Education /

California Teacher Says She Was Fired for Not Hiding Student's 'Gender Identity' From Parents

A California teacher says that she was fired for refusing to hide her student’s “gender identities” from parents.

Jessica Tapia, a former Jurupa Valley High School teacher, is speaking out about the circumstances surrounding her firing.

According to Tapia, she refused to comply with a 2014 state law that prohibits teachers from discussing a child’s gender identity or sexual preferences with parents — unless the student consents first.

“I said, ‘Are you asking me to lie to parents?’ And they said ‘Yes,'” Tapia said while holding a press conference outside the high school, according to a report from ABC 7.

Tapia said that she believes parents have a right to be involved in what is going on in their children’s lives.

“We are talking about minors. Their brain is not fully developed.
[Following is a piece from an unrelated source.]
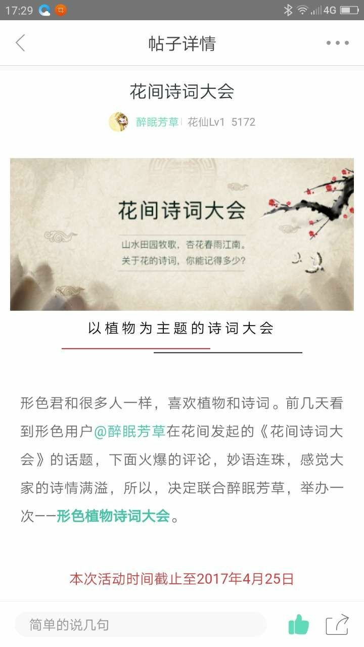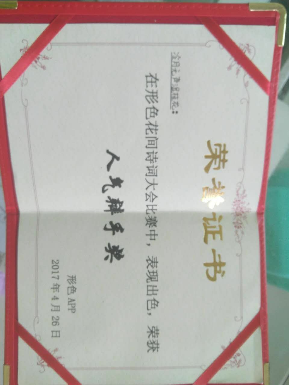 今天升级可以发帖了,就发前段时间参加形色花间诗词大会的得奖纪念吧,可别说我爱显摆哦(⊙o⊙)😉

The decision-making portal in that brain is not fully developed, and they need their parents at this time for everything,” Tapia said. “Everything they’re going through, mentally, emotionally physically, spiritually, you name it.”

Tapia said that she plans to sue the school for wrongful termination, as they attempted to force her to violate her Christian beliefs.

Riverside Assemblyman Bill Essayli is introducing new legislation to protect parental rights in education. He stood with Tapia during the press conference.

“Concealing information from parents is not only wrong, it’s dangerous and harmful to the emotional and physical safety of trans minors,” Essayli said during the press conference.

Essayli said his proposed legislation will “reset the appropriate relationship between educators and parents, and reaffirm that children are the domain of their parents, not the government.”

The Jurupa Unified School District said in a statement that “all students and staff enjoy the right to privacy under the Constitutions of the United States and California. While individuals may elect to disclose their personal information to the public, the District is prohibited from doing so.”

“The District’s actions related to Ms. Tapia were based on its obligations under current state and federal law which protects student privacy and requires the District to provide a discrimination-free learning environment to students,” the statement continued.